My little article was shared from the publisher’s website over one hundred thousand times in the first week. Each time that number rose, it felt as if someone was grabbing me by the shoulders and imploring me to take in the lesson here: what we do matters. We matter. People didn’t share that article because it was particularly well-written. They shared that article because humans are hungry for connection, for understanding, for love in the face of fear and hardship. Medicine is sacred, and people on both sides of the line want it to remain that way.
Providers: Do not give up. You are touching lives. You are changing lives. You are weary, but you are not broken. You do not need more resiliency training; you, who survived medical school and residency and beyond, are amongst the most resilient humans on the planet. What you need to do if you are suffering is dig your way out; stand up, and get out and find a better way. As someone who did that, I promise you, there is a way to love the practice of medicine again. Do not believe employers who tell you it’s no better anywhere else. That is a lie, designed to keep you plugging away.
Patients: Do not give up. We see you, we hear you, and we are fighting for you. You deserve better, and we will get you there.
Hospital administrators: Do not give up. Your organizations are providing access to state-of-the-art care for millions of patients across the country every day.
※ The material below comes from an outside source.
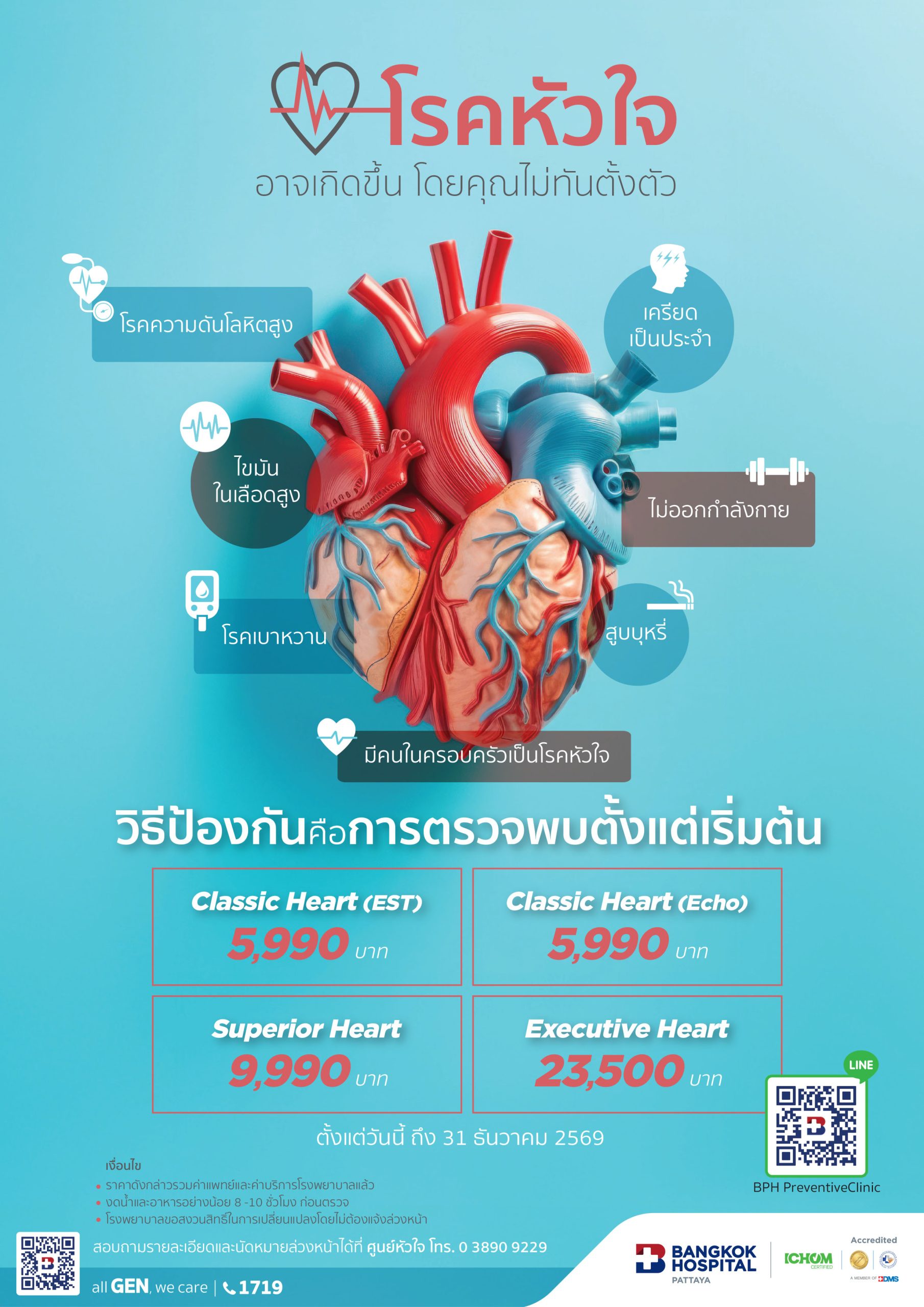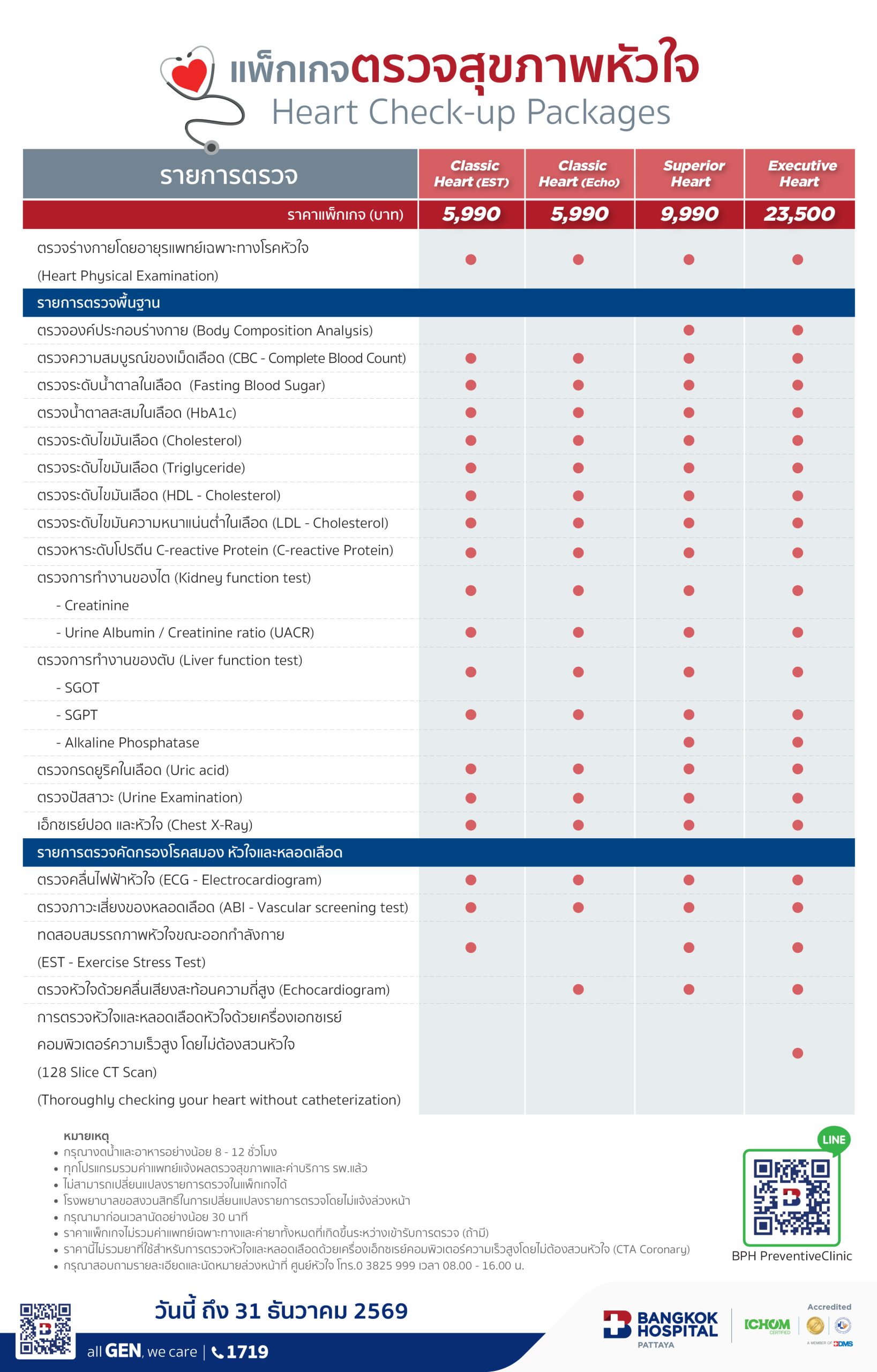 5. ราคาแพ็กเกจไม่รวมค่าแพทย์เฉพาะทางและค่ายาทั้งหมดที่เกิดขึ้นระหว่างเข้ารับการตรวจ (ถ้ามี)

Many of you are hurrying to develop literal life-lines for your providers and staff. Those that aren’t yet are likely just behind the times; let us work with you to find a new way.
Too many of us have shut down all feeling so we can move faster and turn our eyes away from the suffering we don’t have time to process and the painful knowledge that we aren’t practicing medicine the way it was intended. We must not allow ourselves to go numb. We need our patients just as much as they need us.
Set your standards high for maintaining these relationships, which means setting reasonable patient-load limits. Advocate for compensation models that value the practice of good medicine over high patient numbers and for better EMR systems that work for us instead of against us. Fight for the autonomy that allows you, as a professional, to determine what amounts to a safe and manageable patient load and how much time you need per patient. Do not allow yourselves to be harassed or abused on the job for the sake of serving others: You are not a martyr, and you are not a machine. Crying is not weak, feeling emotions is not a hindrance. Feel and feel some more. Reach out. Hang on.
So, let me ask you: Is the patient-clinician relationship really dead? I’m not nearly finished with the fight to prove that it isn’t. The care we provide for our patients and their families will heal the healers … and that’s the only way forward.